Retired IDF Maj. Gen. Yaakov Amidror -- who served as the national security adviser to Israeli Prime Minister Benjamin Netanyahu and currently is a senior fellow at the Begin-Sadat Center for Strategic Studies at Bar-Ilan University -- said that if the Iranians continued exploiting the recent Syrian ceasefire negotiated by Russia and the US to boost their presence in the country, "that might lead the IDF to intervene and to destroy every attempt to build infrastructure in Syria."

"We will not let the Iranians and Hezbollah to be the forces which will win from the long and very brutal war in Syria and to move the focus into Israel," Amidror declared on Monday, speaking on a conference call organized by The Israel Project.

Amidror observed that even if Iran was unable to achieve its much-vaunted "land corridor" from Tehran to the Mediterranean coasts of Syria and Lebanon, an increased number of bases in Syria for both Iranian and Hezbollah forces would still represent a profound threat.


"Israel should prevent it whatever will be the price," Amidror said, adding that he could not "see who will stop it."

"If that is in the interest of Israel, we should strive to be sure that our interests will be kept," he said.

Iran has already leased a military airfield from the Syrian government in the center of the country to station fighter aircraft, Ynet reported on Monday. 

Iran is also said to be negotiating with the Assad regime to establish a land base for Shia militiamen and a port in the city of Tartus.

"The establishment of an air and sea base and the attempt to permanently station 5,000 Shiite fighters on Syrian soil are not acceptable to us, and will have heavy consequences," Israeli Defense Minister Avigdor Lieberman said.

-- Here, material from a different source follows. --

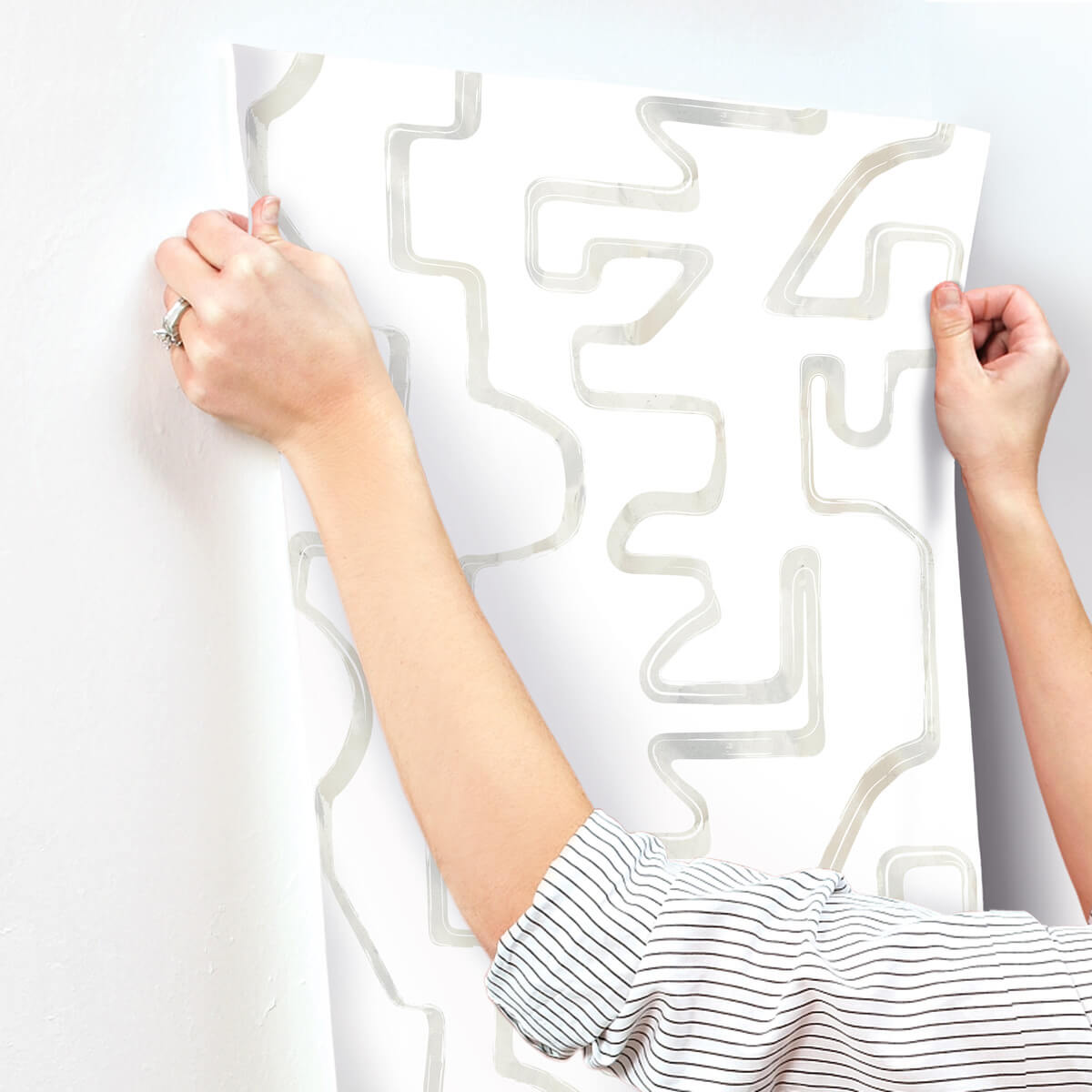 Abstract Aura's free-flowing lines hold hidden depth with marbled, light grey watercolor detailing. This Abstract Aura Wallpaper measures approximately 27 inches wide by 27 feet long, measuring approximately 60.8 square feet per roll. Artistic experimentation with the interplay of form, color and texture has led to an avant-garde reimagining of familiar design motifs. Artistic experimentation with the interplay of form, color and texture has led to an avant garde reimagining of familiar design motifs in the Artistic Abstracts wallpaper collection by York Wallcoverings.

"We will not accept it," Lieberman explained during an interview with a Russian news outlet. "We insist that there be no trace of Iranian presence on Syrian soil, and we insist on this arrangement in every settlement."

Iran invests around $100 million a year in Hezbollah, which has enabled it to become the dominant political and military force in Lebanon with a sophisticated militia that more closely resembles a national army than a terrorist organization. 

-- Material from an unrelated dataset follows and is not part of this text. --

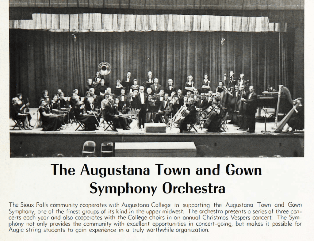 The SDSO was formed in 1922 in conjunction with Augustana College as the Augustana Symphony Orchestra, with students and community members playing side by side, and changed to Augustana Town and Gown Symphony Orchestra in 1952.

It has an estimated 150,000 rockets, which is significantly more than all 29 NATO countries combined, with the exception of the US. To believe that Iran would not use this investment to its full potential is simply not realistic. 

While Iran has mobilized Hezbollah to prop up its client Bashar Assad in Syria, the original and main purpose has always been to use it as a weapon against the Jewish state.

Lieberman's comments followed a rare moment of discord between Netanyahu and the Trump administration over the ceasefire. 

On Sunday, Netanyahu, who was visiting Paris, telephoned US Secretary of State Rex Tillerson to explain his opposition to the deal, based on its potential to expand Iran's hostile activities in Syria. 

The Israeli prime minister is understood to have raised a number of objections with Tillerson, including Israel's insistence that Iran and allied militias stay away from Syria's borders with Israel and Jordan, and its opposition to the stationing of Russian troops in those "safe zones" agreed under the deal that are close to Israel.


Amidror expressed understanding for the strategic thinking of both the US and Russia.

"For the Russians, to keep the continuation of the regime in Damascus which from their point of view is a strategic goal," he said.  "The Americans goal is to destroy ISIS, and that was their strategic goal."

But neither of these aims, he continued, offered much comfort to Israel.

"Israel should take care for its strategic goal and this is to prevent the Iranians and Hezbollah from building launching pads in Syria," Amidror stated.